▶ Action item: The records below are to be output exactly, except for their pictures.

▶ Data extracts:
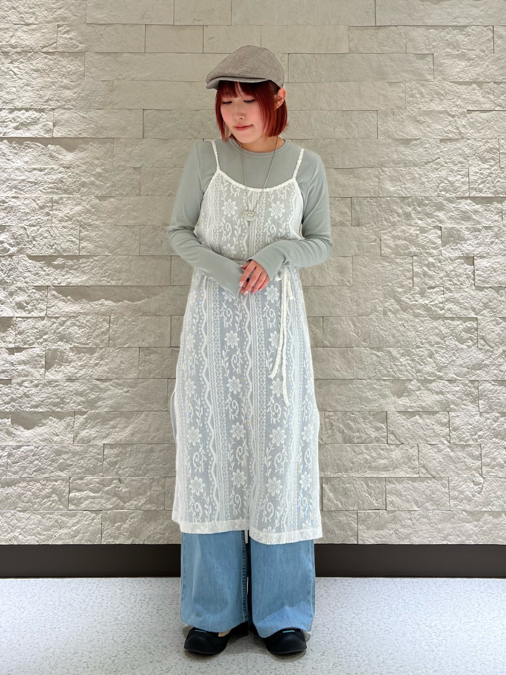 レースやミントカラーと合わせて、全体的に春らしく。レースなどと合わせるとハンチングもメンズライクになりすぎず、合わせやすいです🔣🪷 instagram @or_29c
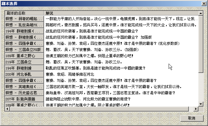 剧本9替换成真正的历史名君主复活,添加刘秀,刘彻,李世民,铁木真,去掉了张角,马腾,董卓,袁绍。
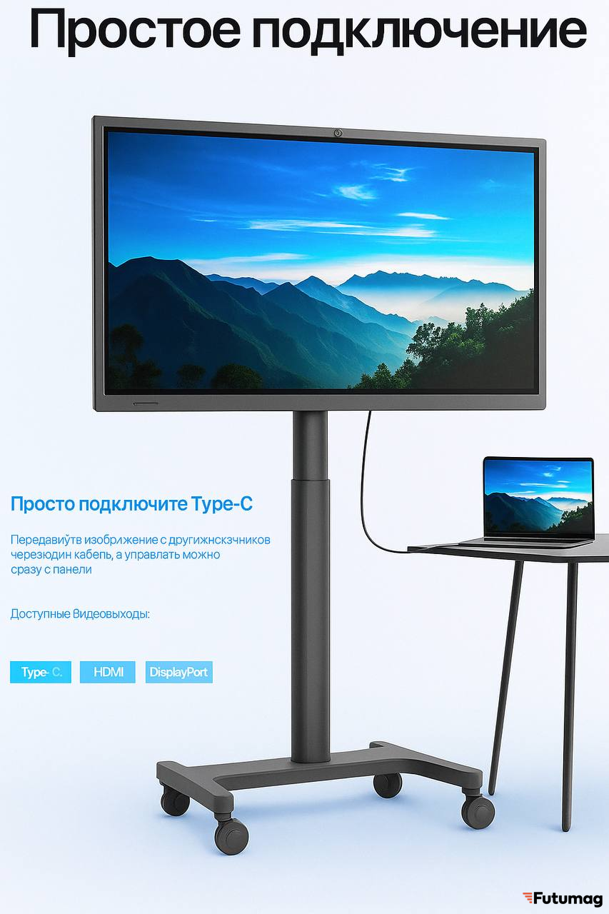 Веб-камера с разрешением 48 мегапикселей интегрирована непосредственно в корпус панели и обеспечивает высокое качество изображения при проведении видеоконференций. Широкоугольный объектив охватывает всю аудиторию, делая удаленное общение максимально комфортным. Камера может использоваться как для видеочатов, так и для съемки учебных материалов.
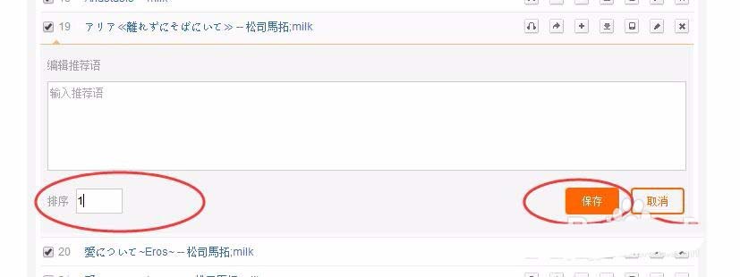 8、如果点击×前面一个铅笔的符号,就是编辑的意思,可以编辑的有推荐语或者是歌单内歌曲的排序。
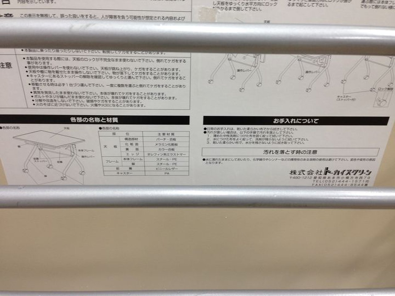 - 一部不具合あり天板歪み、アジャスター無し、キャスター使用不可ようなそのテーブルの本来の効用を果たすための機能以外の一部が使用不可な状態。(例、キャスターロッ ク機能使用不可、棚板無し等がある。)
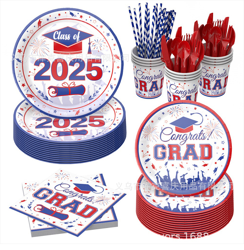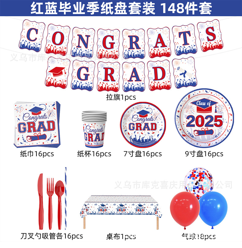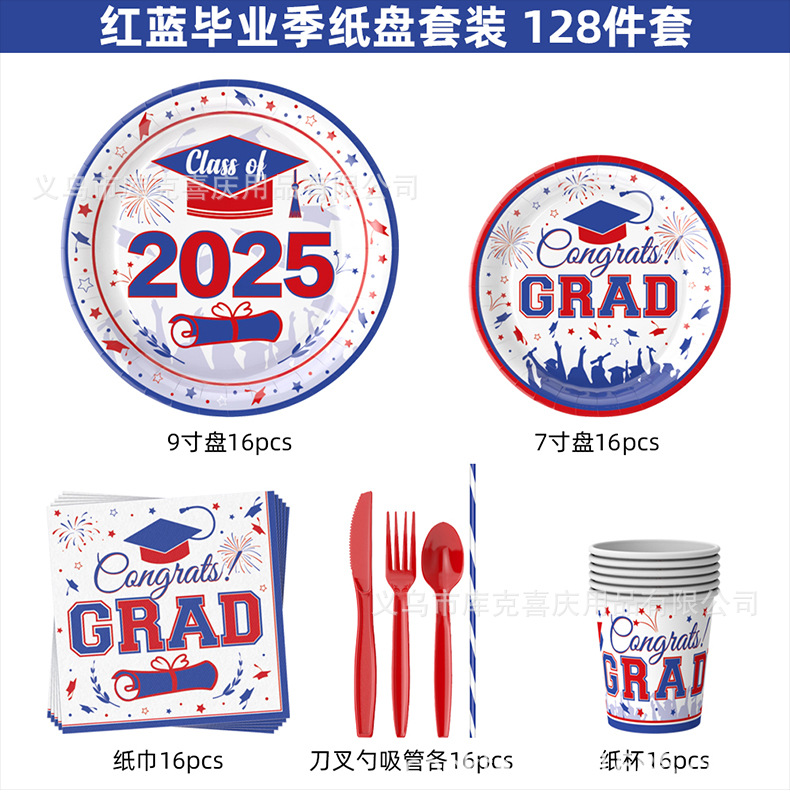 | Tamaño | 148 juegos de decoración de platos de papel de la temporada de graduación rojo y azul, 128 juegos de platos de papel de la temporada de graduación rojo y azul, 96 platos de papel de la temporada de graduación, tirar de la bandera |
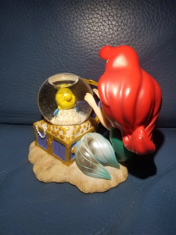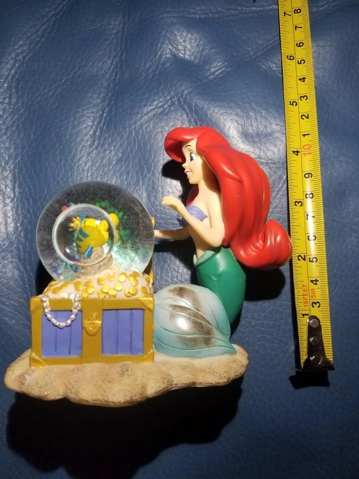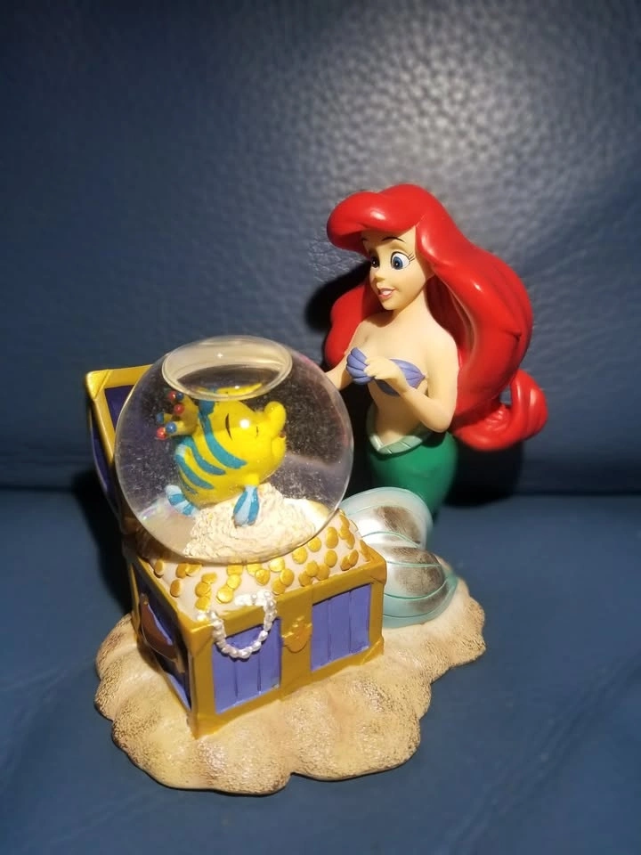 Calling all Disney lovers and collectors! Iβm selling this beautiful, vintage Disney Little Mermaid snow globe featuring Ariel and Flounder. The βsnowβ inside is actually glitter, giving it a magical shimmering effect. This gorgeous and rare vintage Little Mermaid snow globe is a true collectible treasure from the original Disney Store locations in Toronto, which officially closed in 2021.
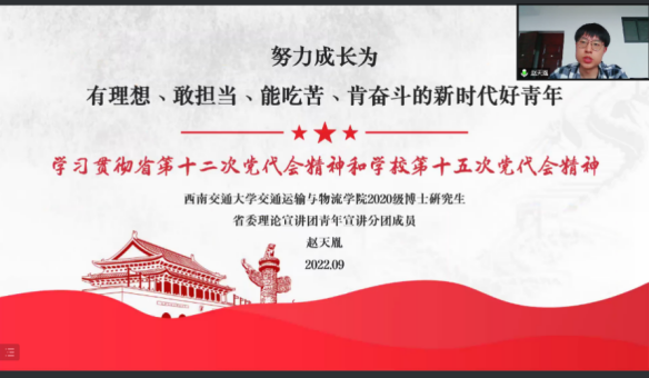 一个有远见的民族,总是把关注的目光投向青年;一个有远见的政党,总是把组织的基础植根于青年。为深入学习贯彻suncitygroup太阳新城官网第十五次党代会精神,指引青年大学生成长成才方向,suncitygroup太阳新城官网团委邀请四川省委宣讲团新时代文明实践青年宣讲分团团成员、suncitygroup太阳新城官网青年讲师团成员赵天胤为“青马工程”精英班、骨干班成员、研究生会、学生会全体学生干部和2022级新生举办线上专题报告会。为落实属地疫情防控要求,报告会采取线上形式召开。
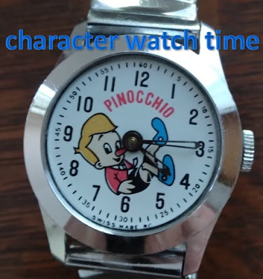 hand and blue minute hand to tell the time. Marked Swiss made and internally marked Sovereign Watch Company Inc. Swiss unadjusted one jewel. You don't see this one too often but he is more common then the girls version Tammy (see above) and you'll need your expert watchmaker to repair it when you do find one.

▶ Task solution:
 レースやミントカラーと合わせて、全体的に春らしく。レースなどと合わせるとハンチングもメンズライクになりすぎず、合わせやすいです🔣🪷 instagram @or_29c
 剧本9替换成真正的历史名君主复活,添加刘秀,刘彻,李世民,铁木真,去掉了张角,马腾,董卓,袁绍。
 Веб-камера с разрешением 48 мегапикселей интегрирована непосредственно в корпус панели и обеспечивает высокое качество изображения при проведении видеоконференций. Широкоугольный объектив охватывает всю аудиторию, делая удаленное общение максимально комфортным. Камера может использоваться как для видеочатов, так и для съемки учебных материалов.
 8、如果点击×前面一个铅笔的符号,就是编辑的意思,可以编辑的有推荐语或者是歌单内歌曲的排序。
 - 一部不具合あり天板歪み、アジャスター無し、キャスター使用不可ようなそのテーブルの本来の効用を果たすための機能以外の一部が使用不可な状態。(例、キャスターロッ ク機能使用不可、棚板無し等がある。)
 | Tamaño | 148 juegos de decoración de platos de papel de la temporada de graduación rojo y azul, 128 juegos de platos de papel de la temporada de graduación rojo y azul, 96 platos de papel de la temporada de graduación, tirar de la bandera |
 Calling all Disney lovers and collectors! Iβm selling this beautiful, vintage Disney Little Mermaid snow globe featuring Ariel and Flounder. The βsnowβ inside is actually glitter, giving it a magical shimmering effect. This gorgeous and rare vintage Little Mermaid snow globe is a true collectible treasure from the original Disney Store locations in Toronto, which officially closed in 2021.
 一个有远见的民族,总是把关注的目光投向青年;一个有远见的政党,总是把组织的基础植根于青年。为深入学习贯彻suncitygroup太阳新城官网第十五次党代会精神,指引青年大学生成长成才方向,suncitygroup太阳新城官网团委邀请四川省委宣讲团新时代文明实践青年宣讲分团团成员、suncitygroup太阳新城官网青年讲师团成员赵天胤为“青马工程”精英班、骨干班成员、研究生会、学生会全体学生干部和2022级新生举办线上专题报告会。为落实属地疫情防控要求,报告会采取线上形式召开。
 hand and blue minute hand to tell the time. Marked Swiss made and internally marked Sovereign Watch Company Inc. Swiss unadjusted one jewel. You don't see this one too often but he is more common then the girls version Tammy (see above) and you'll need your expert watchmaker to repair it when you do find one.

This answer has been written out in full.